- Да, было дело... Ребята были компанейские, отказываться привычки не имели. Я, помнится, еще сказал Дику: "Смотри, не свались, как Боб..." Первого Бобом звали, - пояснил он. А он мне и говорит: "Что я себе враг, что ли?" Ну вот, а кончилось все плачевно...
Он несомненно лгал и лгал, по-моему, не очень умело, на уровне сопливого мальчишки, который съел без спроса варенье и пытается свалить все на кошку. В папке Клаппера было сказано, что первый радист действительно упал в пропасть в состоянии опьянения. Поэтому, наверное, и расследование закрыли, посчитали за несчастный случай. А вот у второго радиста алкоголя при вскрытии не обнаружили.

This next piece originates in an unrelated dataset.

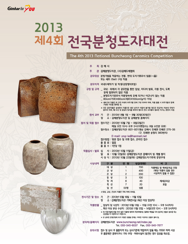 - 경상남도와 김해시가 주최하고 김해도예협회와 김해분청도자박물관이 주관한 이 지난 9월 최종 수상작을 발표했다.대상_ 강창성 「시간의 결」분청사기의 본 고장인 김해시에서 전통과 현대의 표현 방법이 다양한 분청 미의 계승 발전과 분청도자문화의 확산과 보급, 도예가들의 창작 고취를 위해 매년 개최하고 있는 이번 공모에는 총 109.
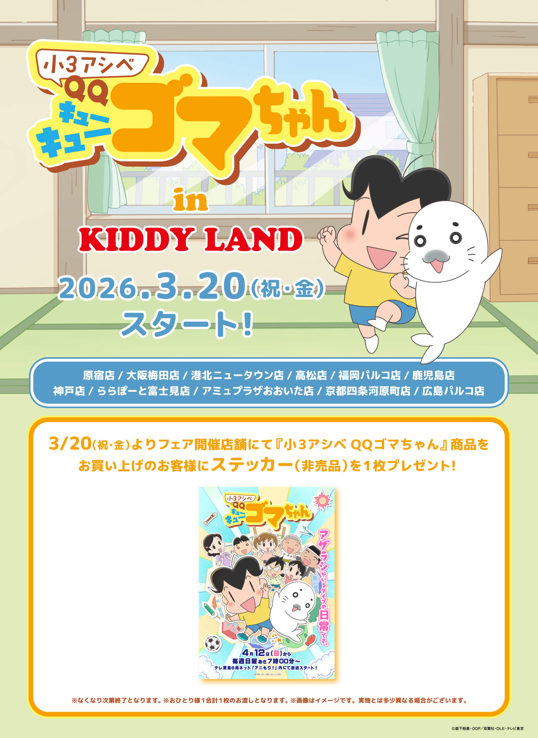 2026年3月20日(金・祝)スタート!小3アシベ QQゴマちゃん in KIDDY LAND @キデイランド11店舗

Я стал обдумывать, как бы мне вывести его на чистую воду, чтобы он сам себя запутал, заврался и со вздохами, нехотя признался в этом, и осталось бы ему только рассказать правду, одну правду, ничего, кроме правды, но тут я неожиданно ощутил себя сидящим под объективом микроскопа, а сквозь всю эту невозможную оптику на меня взглянул чей-то глаз, неизвестный, огромный, пронизывающий, понимающий все и всех, завораживающий, леденящий душу... Ощущение было настолько полным, что у меня засосало под ложечкой, по спине побежали мурашки и задергалось левое веко. Я не выдержал и оглянулся по сторонам. Никто ниоткуда на меня не смотрел. Маккин уставился куда-то в угол и, казалось, силился что-то вспомнить, но выводить его на чистую воду мне уже абсолютно расхотелось.
Разговор наш вновь вернулся к кино-, рок-, секс- и прочим подобным звездам. Собеседник он был отличный, и время летело быстро. Дошло дело до пива, и тут Маккина не хватило. Он с трудом встал со стула и, пошатываясь, вышел из каминной в ванную, а я остался сидеть за столом, открыл еще пива и прибавил звук в стереораме, чтобы заглушить те, что доносились из ванной.
Потом он, цепляясь за стены, вновь появился в каминной и сказал заплетающимся языком:
- П-по-моему, мне п-пора в п-постель... Сп-покойной ночи!
Он оторвался от стенки, сделал три шага, пошатнулся и упал в камин. Я остолбенел, но одежда на нем не вспыхнула. Он ворочался в камине, пытаясь встать хотя бы на четыре точки. И тут я понял: это бьет не настоящий камин, это было всего-навсего голографическое изображение, но до чего же натурально все было сделано.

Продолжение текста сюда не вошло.